This question concerns the Dirac equation and the $4\times4$ $\gamma$-matrices. The task is to prove that a similarity transformation of the standard $\gamma$-matrix conserves the commutation relation

$$ \{\gamma^\mu,\gamma^\nu\} ~=~ 2g^{\mu\nu}, $$

where $2g^{\mu\nu}$ is the metric tensor $\text{diag}(1,-1,-1,-1)$, and the similarity transformation is defined as

$$ \tilde{\gamma}^\mu = S \gamma^\mu S^\dagger, $$

and $S$ is a unitary matrix. I will write down the start of my proof to show where I stop. First of all, we can use that $S$ is unitary and show that $\gamma^\mu = S^\dagger\tilde{\gamma}^\mu S$, and insert this into the commutator. This leaves us, again using that $SS^\dagger = I$, with

$$ S^\dagger\{\tilde{\gamma}^\mu,\tilde{\gamma}^\nu\}S = 2g^{\mu\nu} $$

which again gives us

$$ \{\tilde{\gamma}^\mu,\tilde{\gamma}^\nu\} = 2Sg^{\mu\nu}S^\dagger. $$

In order for the proof to hold, it requires that $g^{\mu\nu}$ and $S$ commute so that

$$ 2Sg^{\mu\nu}S^\dagger = 2g^{\mu\nu}SS^\dagger = 2g^{\mu\nu}. $$

So my question is: Do all unitary matrices commute with the metric tensor $g^{\mu\nu}$? If yes, how can I show this easily?

This post imported from StackExchange Physics at 2014-05-04 11:17 (UCT), posted by SE-user camzor00
asked May 2, 2014 in Theoretical Physics by camzor00 (15 points) [ no revision ]
retagged May 4, 2014
Hint to the question (v2): The commutation relation has an (implicit) identity matrix on the rhs: $\{\gamma^\mu,\gamma^\nu\} ~=~ 2g^{\mu\nu}~{\bf1}_{4\times 4}$.

This post imported from StackExchange Physics at 2014-05-04 11:17 (UCT), posted by SE-user Qmechanic
I don't see it, even with the hint..

This post imported from StackExchange Physics at 2014-05-04 11:17 (UCT), posted by SE-user camzor00
If you fix $\mu$ and $\nu$ $g^{\mu\nu}$ is a number, so it commutes with every matrix.
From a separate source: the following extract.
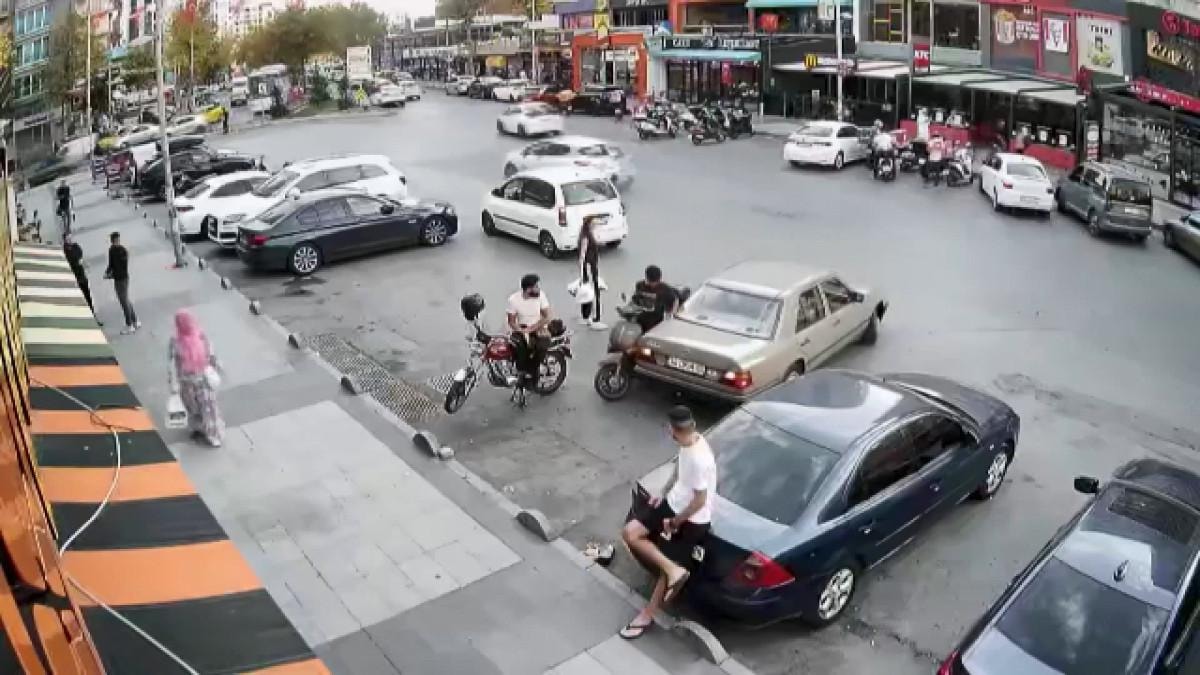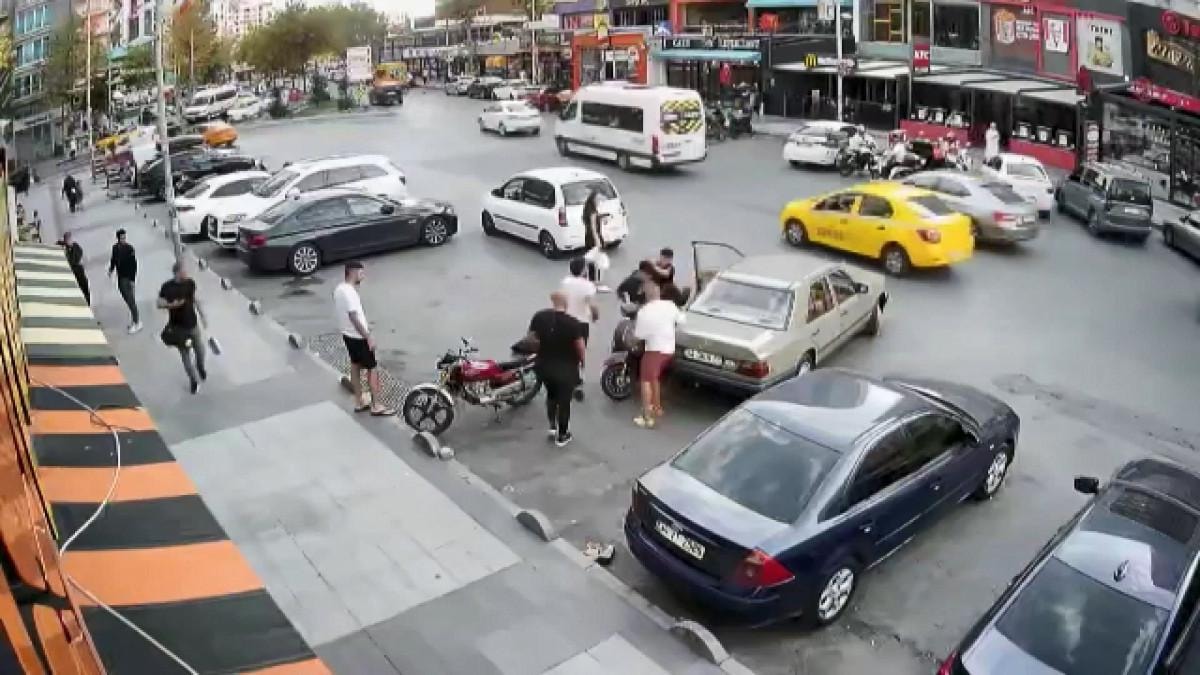Kazanın ardından, motosiklet sürücüsüyle otomobil sürücüsü arasında tartışma çıktı. Otomobilinden inen sürücüyle motosikletli birbirine saldırdı.

This post imported from StackExchange Physics at 2014-05-04 11:17 (UCT), posted by SE-user V. Moretti

Your argument holds for any fixed pair of indices, hence $g^{\mu\nu}$ is just a number, which can be taken out of your expression to complete the proof. 

1 Answer

+ 0 like - 1 dislike

Dirac $\gamma$ matrices are 4x4 matrices, they differ from each other by index $\mu$. And there is a 4x4 unity matrix amongst all 4x4 matrices, usually denoted by $I$. It stays (often implicitly for simplicity) at  $g^{\mu\nu}$. (A product of two 4x4 matrices is also a 4x4 matrix; a sum of 4x4 matrices is also a 4x4 matrix. So no wonder that the anticommutator is some 4x4 matrix too. If you anticommute, say, $\gamma^3$ with itself, you will obtain $2I$ since $g^{33}=1$.)

If some set of 4x4 marices $\gamma'$ may be obtained from an "original representation" of $\gamma$ with a unitary transformation, then it is as good as the original set of $\gamma$, because it obeys the same Dirac algebra and leads to the Klein-Gordon equation, as usual.

In practice there are more or less convenient particular $\gamma$ matrix choices, but it is subjective and related to the volume of calculations for a human being.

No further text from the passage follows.